Additionally, we want to learn how to evaluate the potential of great practices in other countries to work well in the United States. There are significant differences in health care systems—and the cultural contexts in which those systems exist—between other countries and the United States. So even if an approach has been effective elsewhere, questions abound: Does the country’s health care payment system or approach to medical education allow for easier implementation of an approach? What might we need to adjust for success within our payment system? What role has a country’s culture—its religious identity, social values, political ideologies—played in the success of an approach? What silos might we need to dismantle to achieve success in the United States? What is the kernel of innovation? What variables can we relinquish? When it is impossible to remain loyal to a model, are there other valuable outcomes that could burgeon regardless?
To help answer those questions, we’re engaging others in our discovery process and asking them to consider the factors needed for adaptation. For example, our support allowed 10 US leaders to participate in a “study tour” of Guadalajara, Mexico to see how the democratization of street space can promote healthy behaviors through the Open Streets model.

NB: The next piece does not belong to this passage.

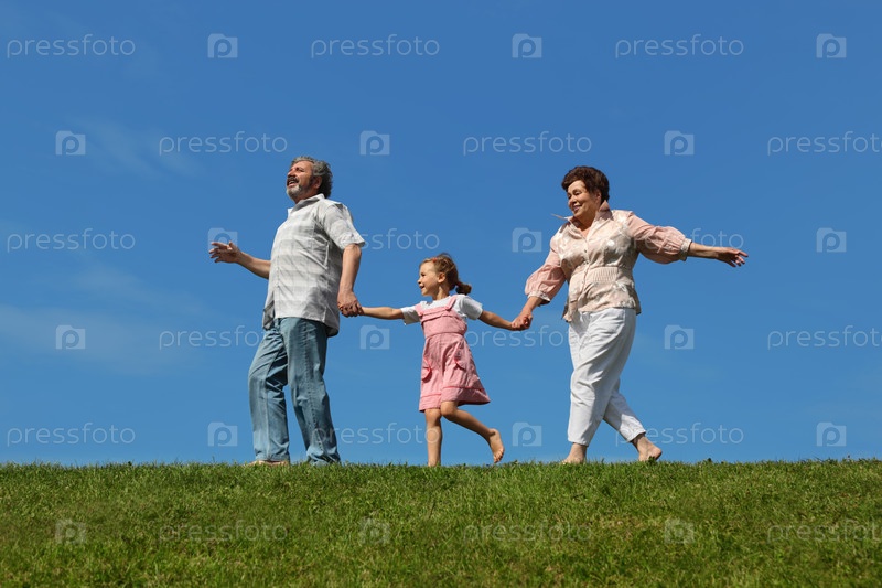 Маленькая девочка и ее бабушка с дедушкой бегут по лужайке, держась за руки

We’re also engaging in “pair-wise” funding: funding an organization in another country while making a grant to a US-based organization with a shared mission. We do this to make it easier for the foreign organization to share knowledge, and for “receptor” cites in the United States to learn as efficiently as possible. In the case of the Cardiff Violence Prevention Model, we made a grant to the CDC Foundation to implement and document the model in the United States through community partnerships in Atlanta and Philadelphia. The same grant provides support to Cardiff University to evaluate these partnerships and provide technical assistance.
And, again, we’re looking to practitioners and funders in other countries to share ideas with us about new ways to assess new approaches.

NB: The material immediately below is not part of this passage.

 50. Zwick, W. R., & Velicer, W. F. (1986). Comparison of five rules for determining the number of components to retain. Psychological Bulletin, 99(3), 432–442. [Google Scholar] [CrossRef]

Staying True to Principles, Even as We Expand Our Horizons
When we set out to undertake this challenge, we met with colleagues at foundations that had been working globally for years. They urged us to be authentic, approaching our new relationships with transparency about our goals. They reminded us to be respectful—of new cultures and the expertise of those with whom we engage. They told us to take risks—and to fail. But the advice that most resonated with me was the guidance to remain committed to our mission and values.

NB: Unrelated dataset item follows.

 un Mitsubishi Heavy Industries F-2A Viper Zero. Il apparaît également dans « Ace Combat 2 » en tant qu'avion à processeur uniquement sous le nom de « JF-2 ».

And if there is any irony in our efforts to expand our horizons, that’s it. Ultimately, our goal is to distill what we learn to reveal new directions for our work. But the more we seek to change, the more we are staying the same. We have always been committed to improving health in the United States. We have always been dedicated to rigorous research and evaluation of our investments. And we have always recognized that we must work with others to achieve our goals. None of this has changed. In fact, this expansion to learning and experimentation has only reaffirmed our commitments.
Around the world, effective approaches for overcoming health challenges are saving lives, reducing costs, and allowing people to live healthier lives. We urge other foundations and organizations to join us, and re-commit to their missions and values, even as they seek new and more effective solutions to the problems they seek to solve.